**Excerpted records**.

-- Opening Marker --

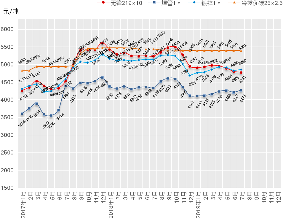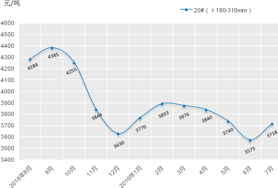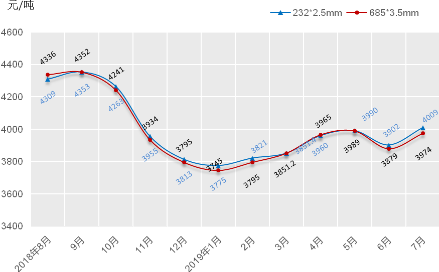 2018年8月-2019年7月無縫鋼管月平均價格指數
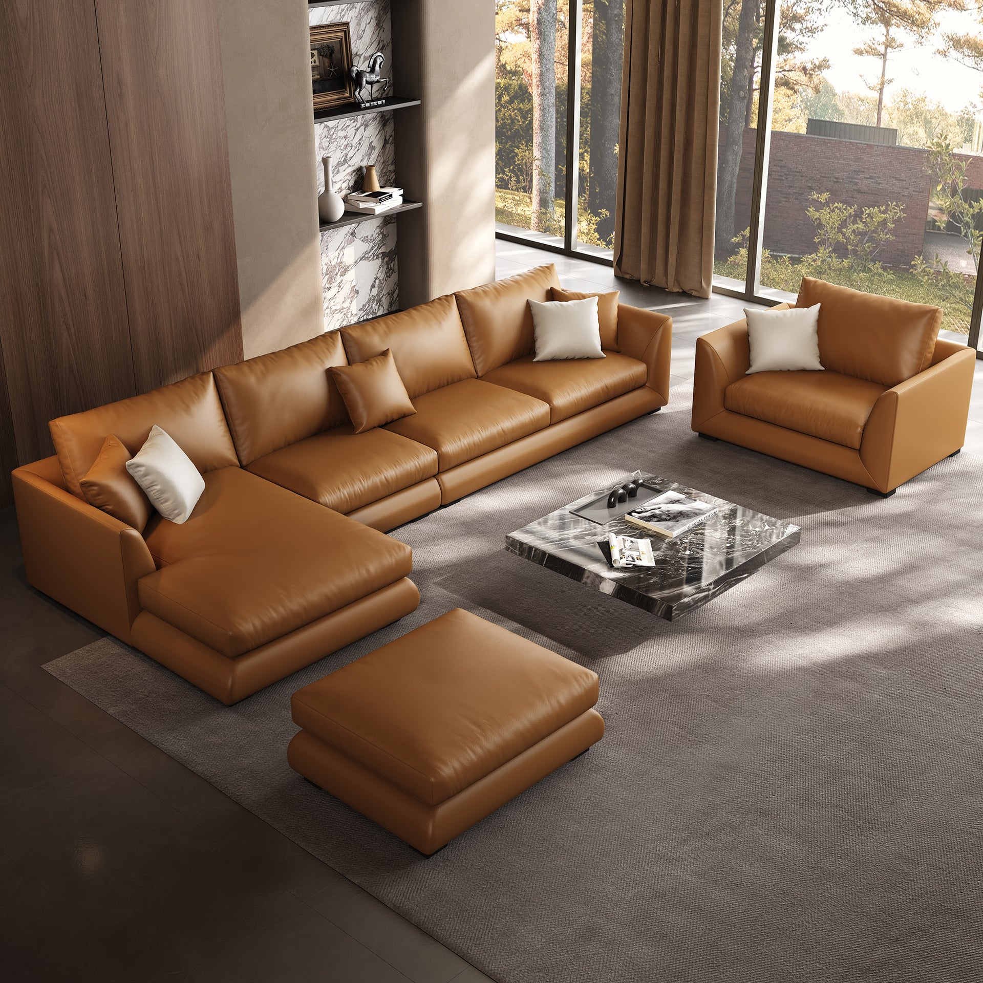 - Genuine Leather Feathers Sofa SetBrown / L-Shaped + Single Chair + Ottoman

-- Closing Marker --
-- Opening Marker --

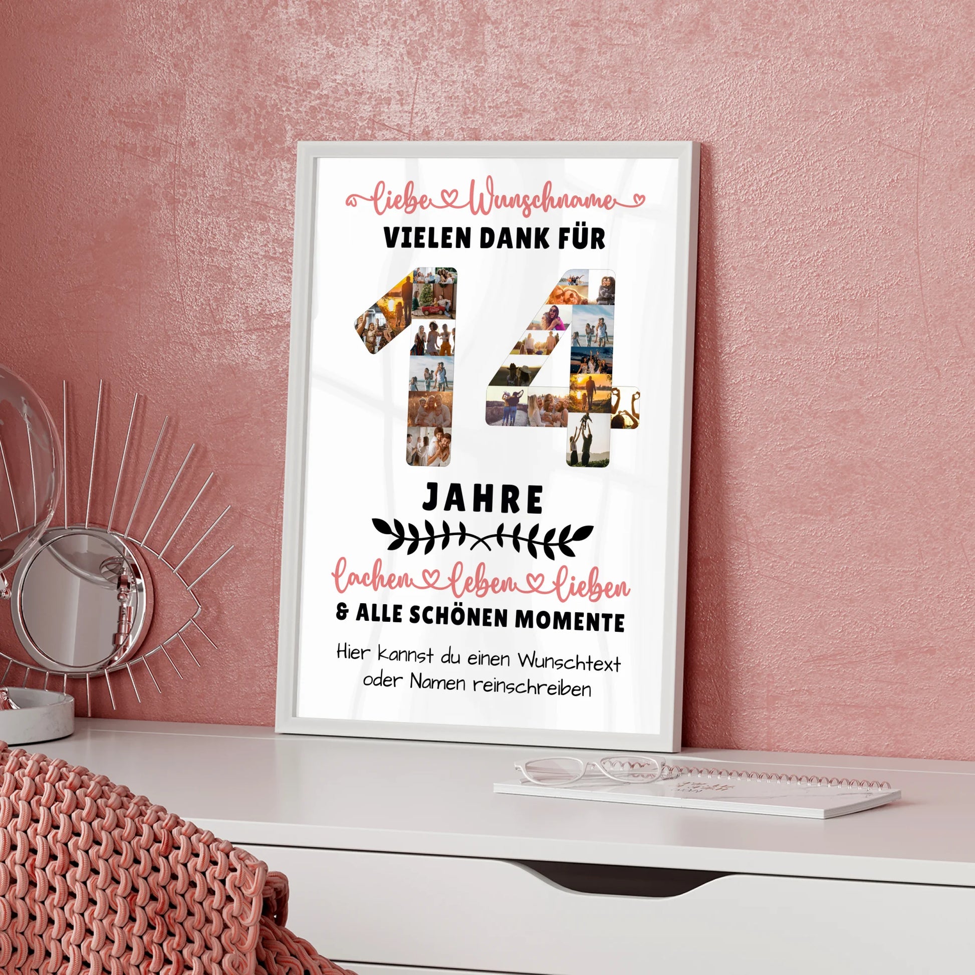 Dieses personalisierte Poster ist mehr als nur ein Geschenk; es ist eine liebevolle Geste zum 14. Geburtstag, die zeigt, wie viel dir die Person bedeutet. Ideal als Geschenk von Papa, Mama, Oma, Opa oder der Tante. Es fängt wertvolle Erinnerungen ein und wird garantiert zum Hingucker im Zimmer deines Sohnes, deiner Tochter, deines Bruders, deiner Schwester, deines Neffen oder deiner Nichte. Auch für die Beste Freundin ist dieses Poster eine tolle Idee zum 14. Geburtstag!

-- Closing Marker --

**Description of the task**.
Return exactly the lines that appear in the data above between the line containing "2018年8月-2019年7月無縫鋼管月平均價格指數" and the line containing "- Genuine Leather", both of which are included, and leave the pictures out.

**Your response**.
 2018年8月-2019年7月無縫鋼管月平均價格指數
 - Genuine Leather Feathers Sofa SetBrown / L-Shaped + Single Chair + Ottoman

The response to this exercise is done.